Central square in Cracow
1. CENTRAL SQUARE.
The part which Cracow was to play in the history of Poland was not determined at once; on the contrary, many stormy ages, with ever-changing events in political history and civilization, passed over its head.

In prehistoric times, the caves in a range of hills extending to the north of Cracow were the oldest dwellings for the men of the Jura limestone period. The country all round the present site of the town is traversed by charming glens, overshadowed with woods and enlivened by rippling rivulets: such are the Czerna Valley near Krzeszowice, the Pradnik Valley with its ruins of Ojców Castle and "Dog's Rock" (Pieskowa Skala), the Mników Valley extending to the south.
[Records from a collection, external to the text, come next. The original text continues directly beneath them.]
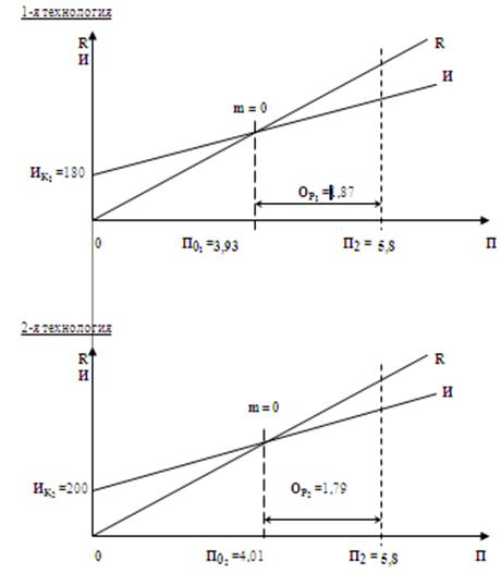 6. Вычислить "прибыльный порог" для каждой технологии, а также операционные рычаги при объемах производства П1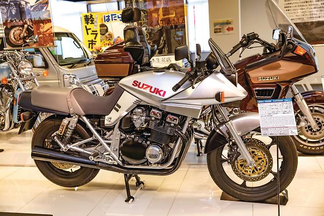GSX-1100S KATANA (1981년) : 유럽시장 공략을 위해 스즈키 독일 본사 주도하에 개발된 모델. 특유의 디자인과 스펙 그리고 강렬한 세계관으로 세계적인 인기를 끌었다. 2000년까지 업데이트를 거치며 시리즈를 이어오다가 파이널에디션을 끝으로 단종되었다. 하지만 2018년 독일 쾰른에서 스즈키는 카타나를 부활시켜 세계적인 집중을 받 았다. 국내에서는 2019년 5월 올 뉴 카타나가 정식으로 론칭해 국내 라이더들을 만나고 있다.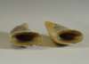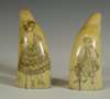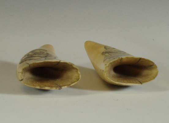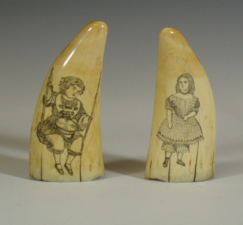 with double sided engraving of a girl on a swing and a standing girl, 12cm long; and another scrimshaw whale's tooth with double sided engraving of a boy and a girl, 11cm long (2)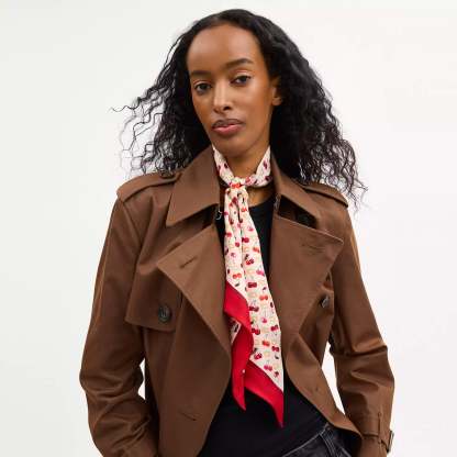 Outlet Sculpted C Cherries Print Silk Wide Skinny Scarf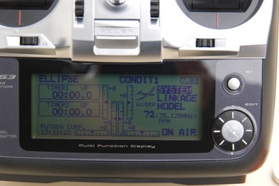 The goals for programming the Futaba 12FG were: (a) to minimise the number of switches needed to control the phases of flight and (b) allow adjustment of mixing and differential during flight. In short, to replicate the setup that I've honed on the Multiplex 4000 over many seasons of competitive flying.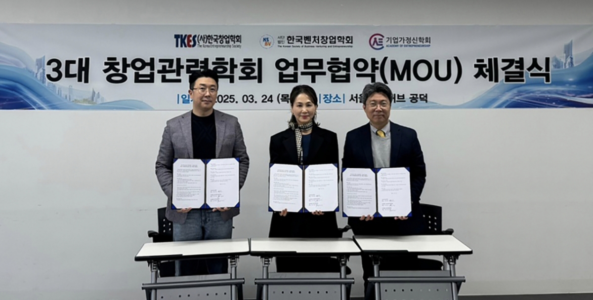 한편 세 기관은 앞서 지난달 24일 국내 창업관련 학문과 산업 간 협력을 강화하기 위한 업무협약(MOU)을 체결하고, △학술연구 △정책 제안 △교육 프로그램 개발 △학술대회 공동 개최 등 다방면으로 협력을 추진하기로 했다.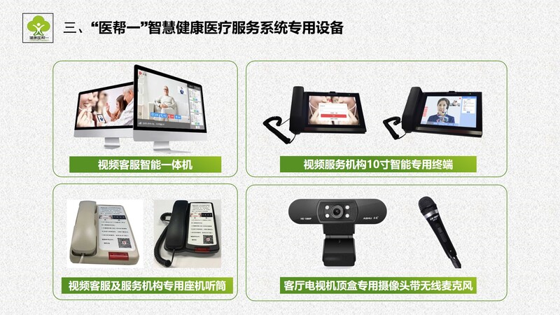 医帮一智慧健康医疗服务系统专用设备是经过四年多设计的产品,为什么不用电脑呢?按照体验来说,我们希望用户使用的是一个专用的设备,就像电话机。下图的左边就是我们定制开发的客服专用智能终端,例如在医院里,如果医生老是守在终端前不太现实,用户呼叫的时候需要铃声响,所以我们提供了一个电话座机,医生接起来时可以看到对方,客服也可以看到用户方,这个用量目前比较多;图片右上角两个项目也是定制化的,无论你当时在忙什么,电话铃声响起时,你拿起来就能接听,放下来就挂掉,还能看到对方的实时画面;图片右下方的这个产品,可能有些人比较好奇,因为在电视大屏渠道做专做音视频互动服务的企业比较少,可能有些人还不是很能理解,我们说设备上有摄像头有麦克风,但当你坐在沙发上,虽然语音麦克风没问题,但对方听的效果不好,有相当的距离感。所以我们专门为摄像头定制了一个麦克风,这个麦克风一方面可以让人交流的时候声音很近很亲切,而且价格也不是很贵。

Within the precincts of the town, several hills arise: the Castle Hill called Wawel, the Skalka, the Krzemionki, and St. Bronislawa's Hill, which gives a wide view of the plains bordered by the distant chain of the Carpathian Mountains. The water has eaten deep caves into the solid rock of all those hills, and these numerous caves now are valued as the oldest repositories of remains of human civilization in the Stone Age. The interesting results of diggings for objects of this and later periods are to be found in the collections of the Cracow Academy of Sciences, the Archæological Cabinet, and the National Museum.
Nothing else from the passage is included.